GIVEN RECORDS —
◇ ◇ ◇ ◇ ◇ ◇ ◇

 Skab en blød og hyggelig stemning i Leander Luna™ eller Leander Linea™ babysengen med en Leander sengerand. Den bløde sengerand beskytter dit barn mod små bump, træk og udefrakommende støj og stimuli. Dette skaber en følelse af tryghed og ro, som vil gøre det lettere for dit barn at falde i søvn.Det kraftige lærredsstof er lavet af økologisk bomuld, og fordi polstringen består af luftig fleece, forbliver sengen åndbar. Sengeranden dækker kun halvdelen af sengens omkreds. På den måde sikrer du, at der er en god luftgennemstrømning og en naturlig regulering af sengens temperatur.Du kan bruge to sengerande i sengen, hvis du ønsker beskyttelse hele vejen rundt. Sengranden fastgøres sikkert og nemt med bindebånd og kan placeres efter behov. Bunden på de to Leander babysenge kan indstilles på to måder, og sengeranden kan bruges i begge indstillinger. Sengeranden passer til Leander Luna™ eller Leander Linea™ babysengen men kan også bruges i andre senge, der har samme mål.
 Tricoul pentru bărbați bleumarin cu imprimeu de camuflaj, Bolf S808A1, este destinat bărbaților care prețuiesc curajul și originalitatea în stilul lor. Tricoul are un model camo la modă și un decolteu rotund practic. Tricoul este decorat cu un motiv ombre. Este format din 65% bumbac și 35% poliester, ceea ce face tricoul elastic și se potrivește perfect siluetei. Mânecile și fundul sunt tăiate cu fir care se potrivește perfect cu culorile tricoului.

◇ ◇ ◇ ◇ ◇ ◇ ◇

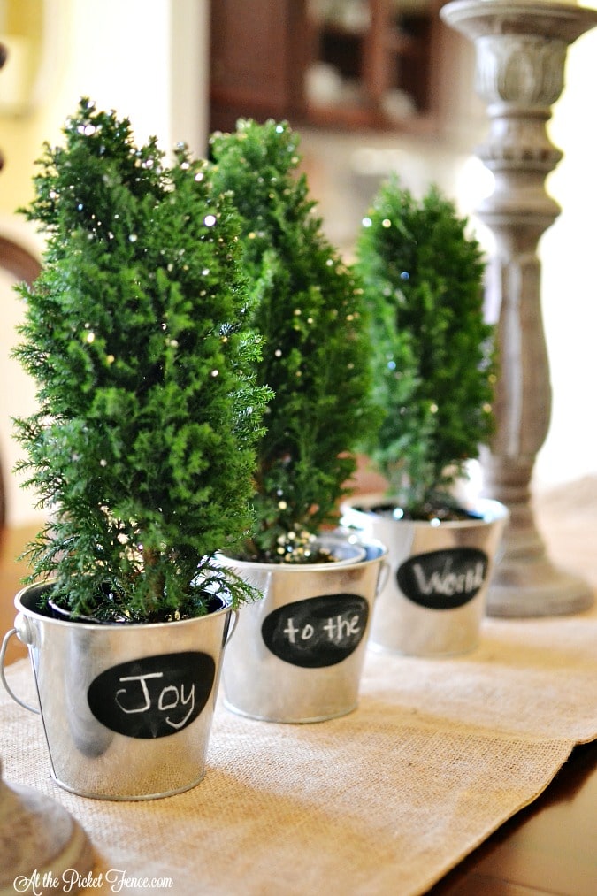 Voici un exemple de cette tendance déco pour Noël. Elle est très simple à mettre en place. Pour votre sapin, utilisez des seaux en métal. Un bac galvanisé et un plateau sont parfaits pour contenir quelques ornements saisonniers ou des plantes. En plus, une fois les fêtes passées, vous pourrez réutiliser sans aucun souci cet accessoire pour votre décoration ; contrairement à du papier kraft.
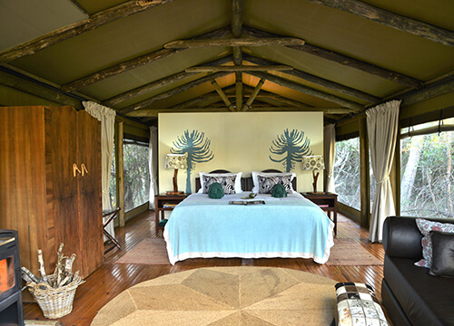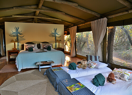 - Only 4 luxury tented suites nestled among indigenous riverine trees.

◇ ◇ ◇ ◇ ◇ ◇ ◇

EXERCISE BRIEF —
Keep to the stretch from the line containing "Voici un exemple" through the line containing "- Only 4 luxury", both ends included, and copy it exactly from the listing above, minus the pictures.

THE ANSWER —
 Voici un exemple de cette tendance déco pour Noël. Elle est très simple à mettre en place. Pour votre sapin, utilisez des seaux en métal. Un bac galvanisé et un plateau sont parfaits pour contenir quelques ornements saisonniers ou des plantes. En plus, une fois les fêtes passées, vous pourrez réutiliser sans aucun souci cet accessoire pour votre décoration ; contrairement à du papier kraft.
 - Only 4 luxury tented suites nestled among indigenous riverine trees.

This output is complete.